EXERCISE REQUIREMENTS: Each record below must be reproduced exactly as it reads, with its images omitted.

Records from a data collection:

--------------------

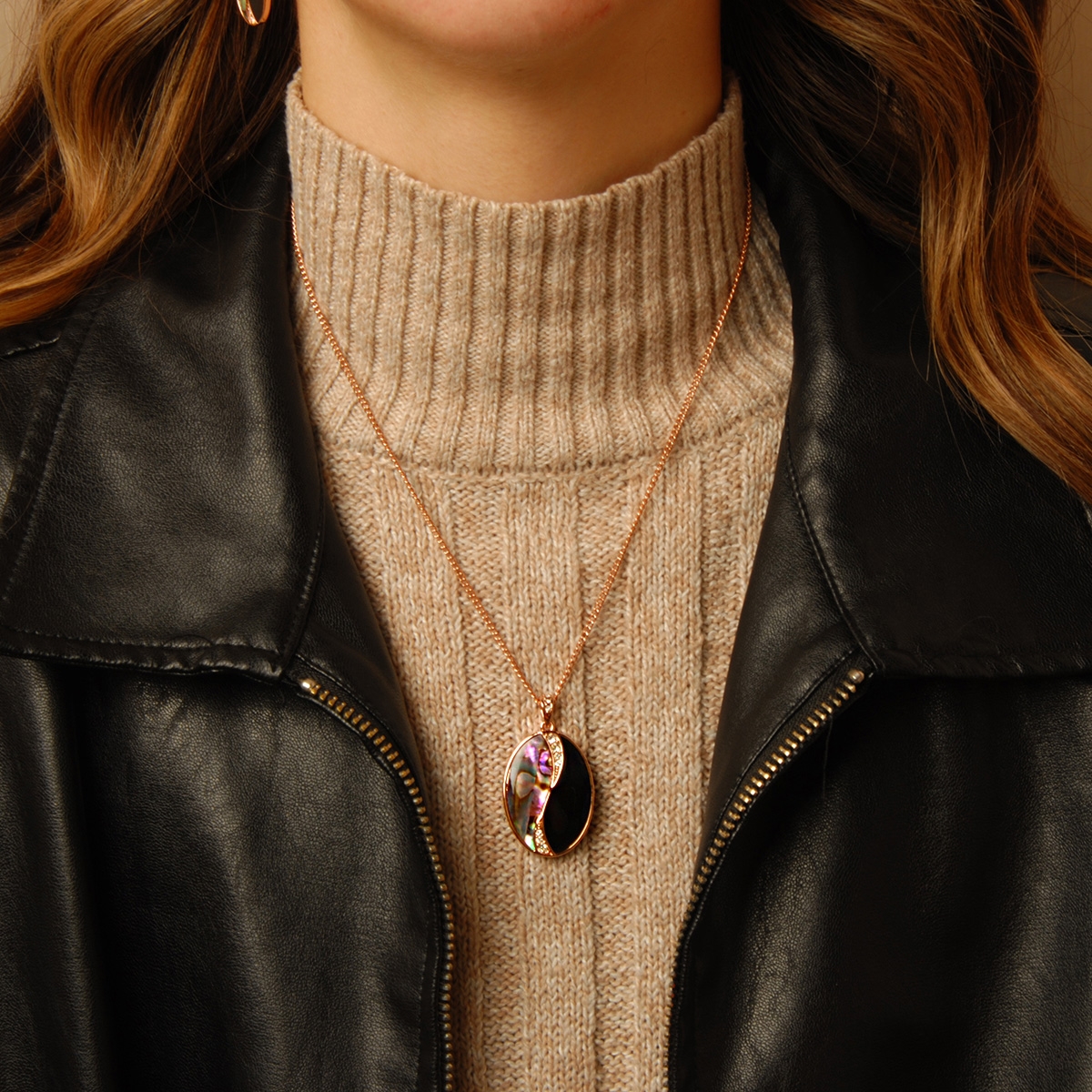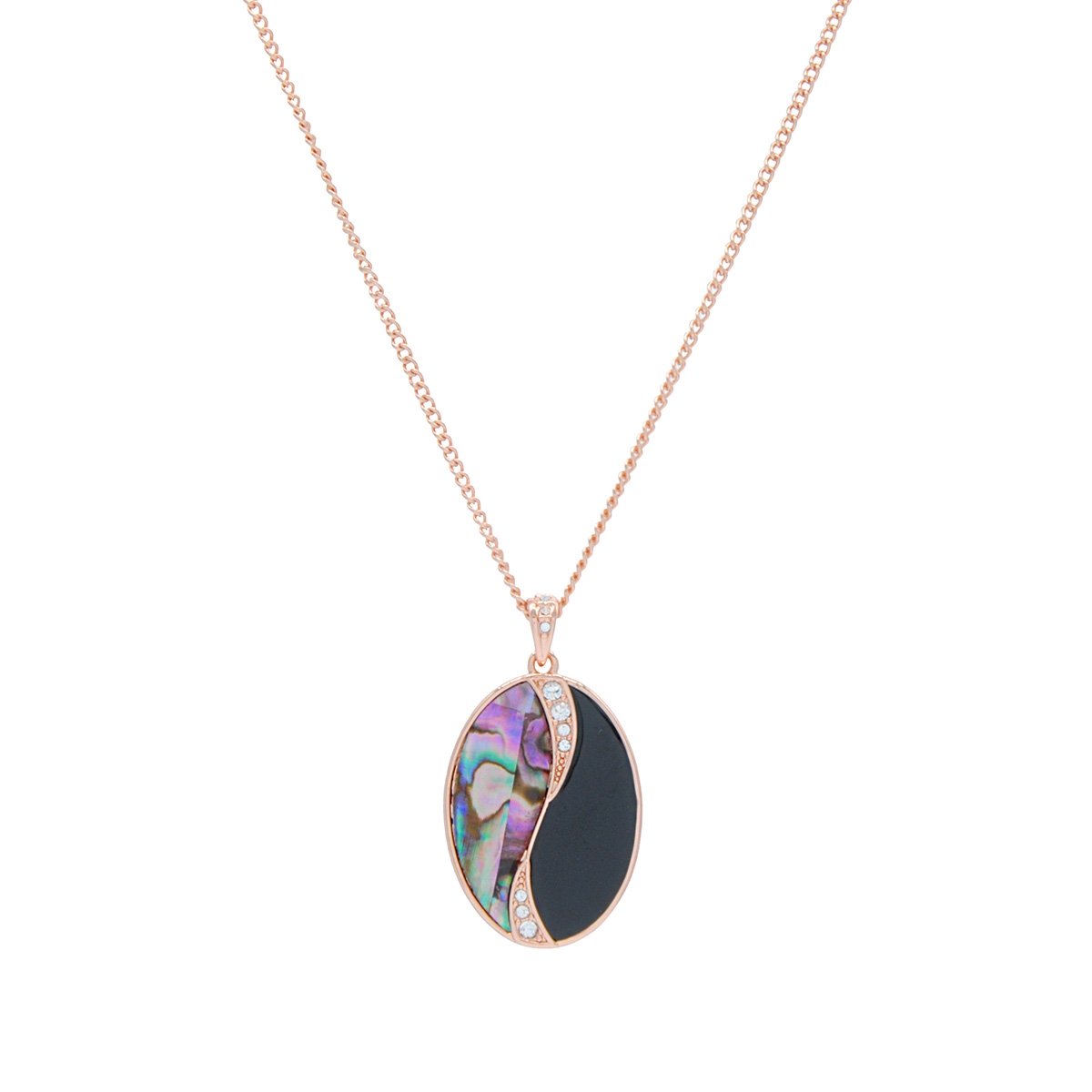Beautiful and inspiring our stunning "Genuinely Mixed" pendant boasts a rich and colorful combination of genuine paua shell and gleaming black onyx with a touch of Swarovski crystal shimmer suspended from a sleek 18" designer chain. Nickel and lead free jewellery.
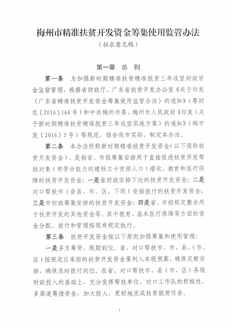 梅州市人民政府門戶網(wǎng)站 梅州市財政局 部門文件 關于征求梅州市精準扶貧開發(fā)資金籌集使用監(jiān)管辦法(征求意見稿)意見的通知
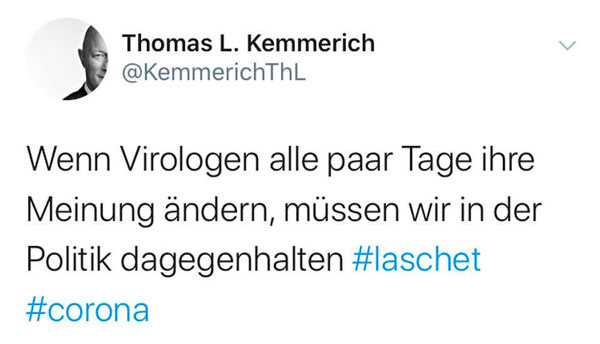 Wenn Herr Kemmerich also das Laschet-Zitat twittert („Wenn Virologen alle paar Tage ihre Meinung ändern, müssen wir in der Politik dagegenhalten“), dann beschwört er die Idee, es sei irgendwie mannhaft oder konsequent, zu einer Meinung zu stehen, die inzwischen überholt ist. Dabei ist eben das Gegenteil der Fall. Es ist redlich und erfordert Mut, seine Aussagen zu revidieren, sobald neue Tatsachen ans Licht kommen. Dies ist in der Wissenschaft der Normalfall (auch wenn das nicht heißt, dass es dem einzelnen Wissenschaftler nicht manchmal schwerfällt, diesen wissenschafltichen Normalfall
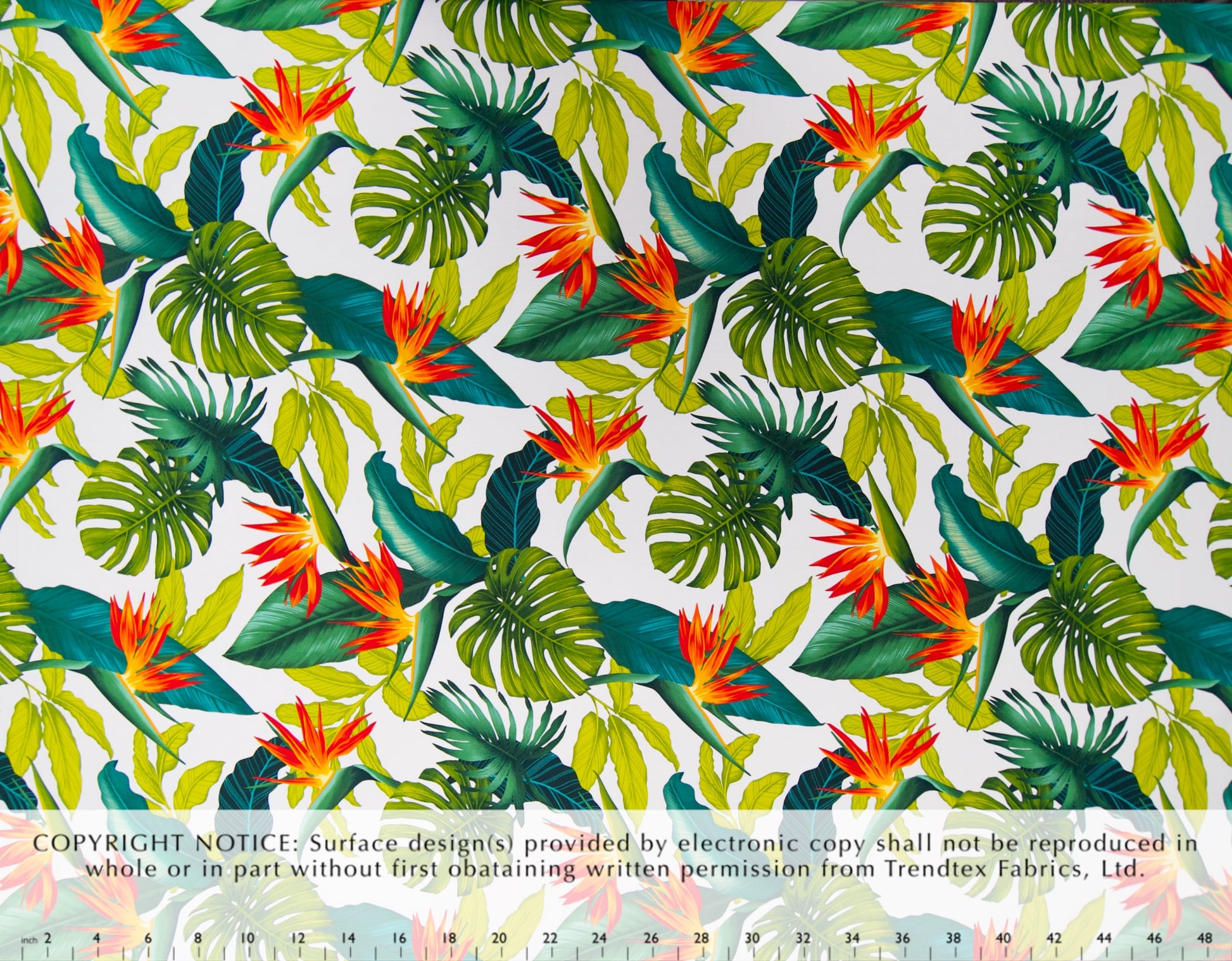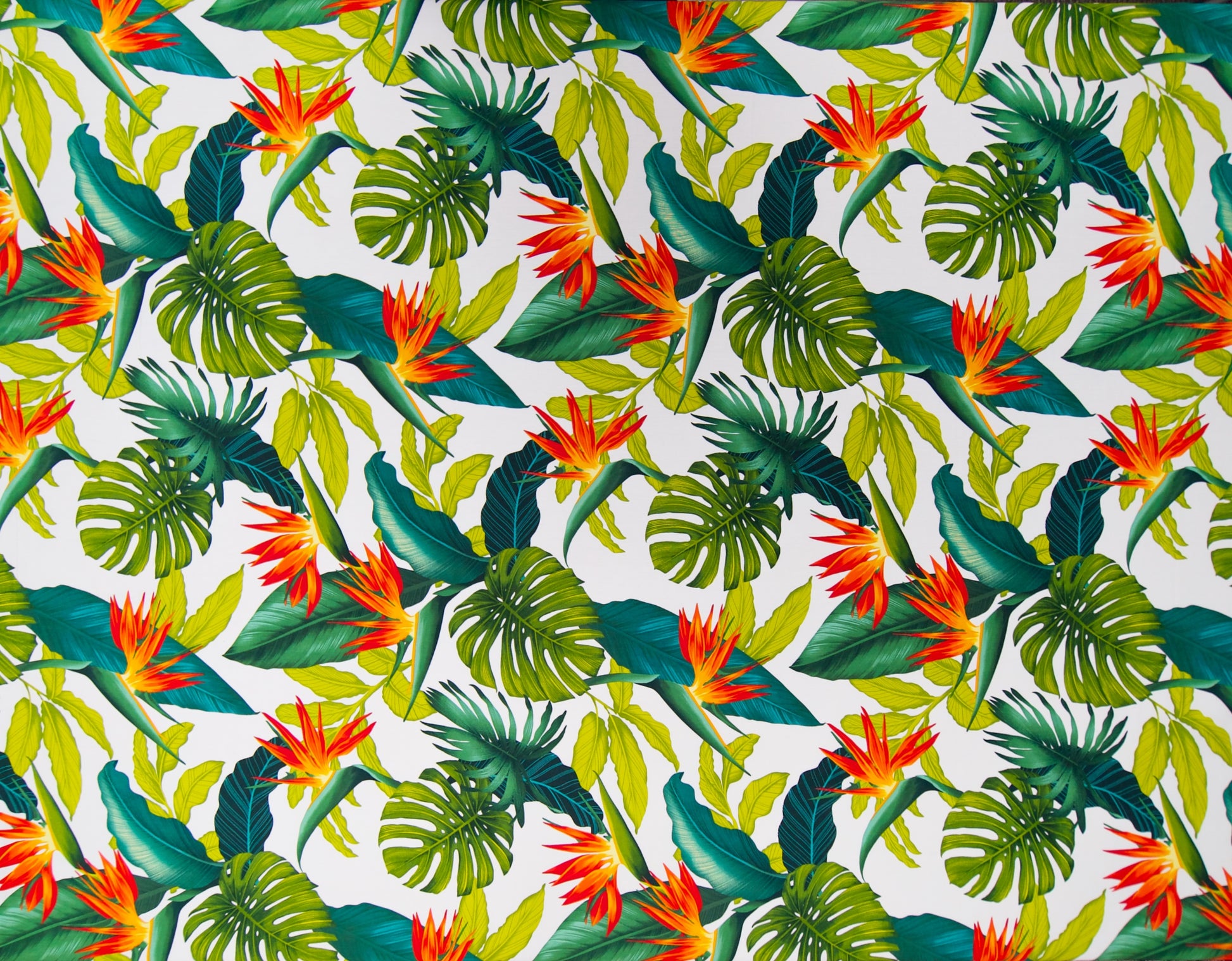 100% Cotton Poplin, 44/45" Wide, All Over. Bird of Paradise, Banana Leaves with Monstera Leaves
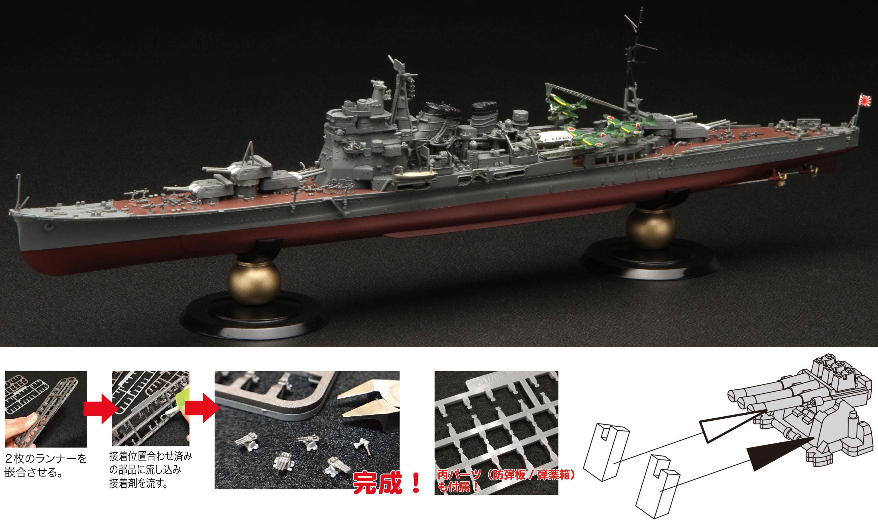 Fujimi's 1/700-scale model kit of the Japanese Navy Heavy Cruiser Takao is now available as a full-hull version! A base for display is included; the kit is molded in gray plastic, and decals are included for the Hinomaru and national flags of the carrier-based aircraft. Order yours today!
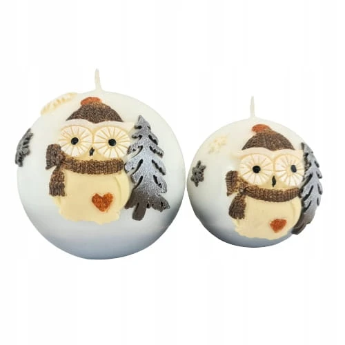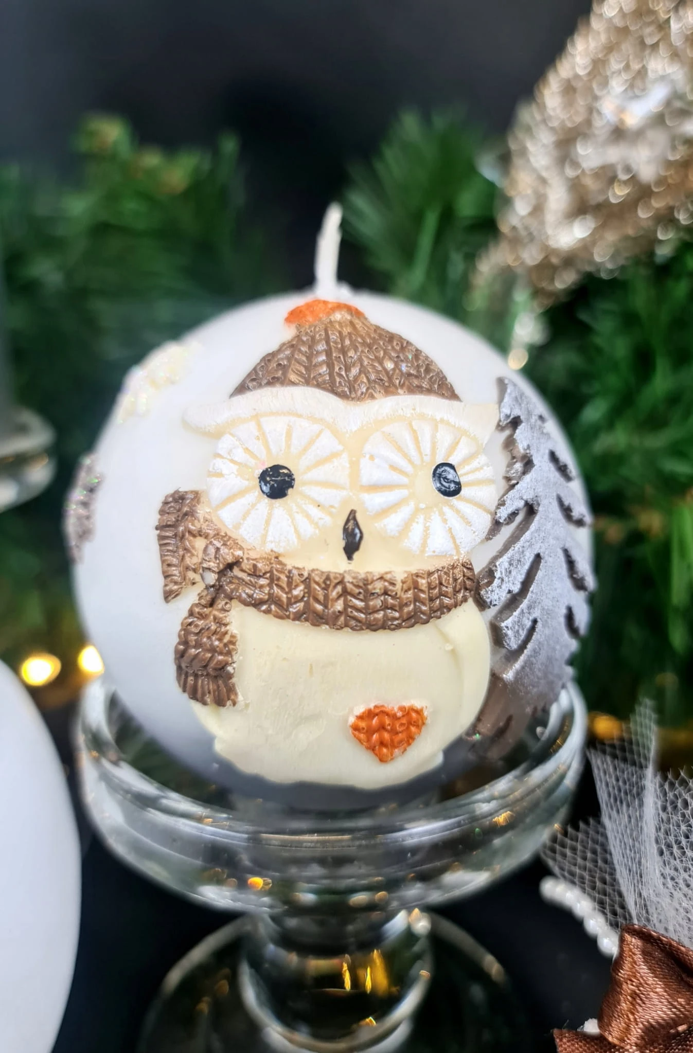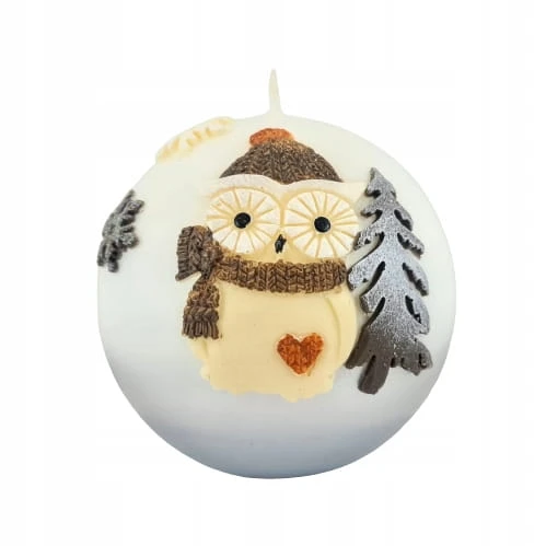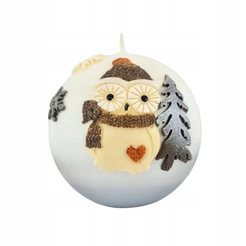 ŚWIECA OZDOBNA KULA FI100 SOWA ŚNIEŻNA ŚWIĘTA

--------------------

YOUR RESPONSE:
Beautiful and inspiring our stunning "Genuinely Mixed" pendant boasts a rich and colorful combination of genuine paua shell and gleaming black onyx with a touch of Swarovski crystal shimmer suspended from a sleek 18" designer chain. Nickel and lead free jewellery.
 梅州市人民政府門戶網(wǎng)站 梅州市財政局 部門文件 關于征求梅州市精準扶貧開發(fā)資金籌集使用監(jiān)管辦法(征求意見稿)意見的通知
 Wenn Herr Kemmerich also das Laschet-Zitat twittert („Wenn Virologen alle paar Tage ihre Meinung ändern, müssen wir in der Politik dagegenhalten“), dann beschwört er die Idee, es sei irgendwie mannhaft oder konsequent, zu einer Meinung zu stehen, die inzwischen überholt ist. Dabei ist eben das Gegenteil der Fall. Es ist redlich und erfordert Mut, seine Aussagen zu revidieren, sobald neue Tatsachen ans Licht kommen. Dies ist in der Wissenschaft der Normalfall (auch wenn das nicht heißt, dass es dem einzelnen Wissenschaftler nicht manchmal schwerfällt, diesen wissenschafltichen Normalfall
 100% Cotton Poplin, 44/45" Wide, All Over. Bird of Paradise, Banana Leaves with Monstera Leaves
 Fujimi's 1/700-scale model kit of the Japanese Navy Heavy Cruiser Takao is now available as a full-hull version! A base for display is included; the kit is molded in gray plastic, and decals are included for the Hinomaru and national flags of the carrier-based aircraft. Order yours today!
 ŚWIECA OZDOBNA KULA FI100 SOWA ŚNIEŻNA ŚWIĘTA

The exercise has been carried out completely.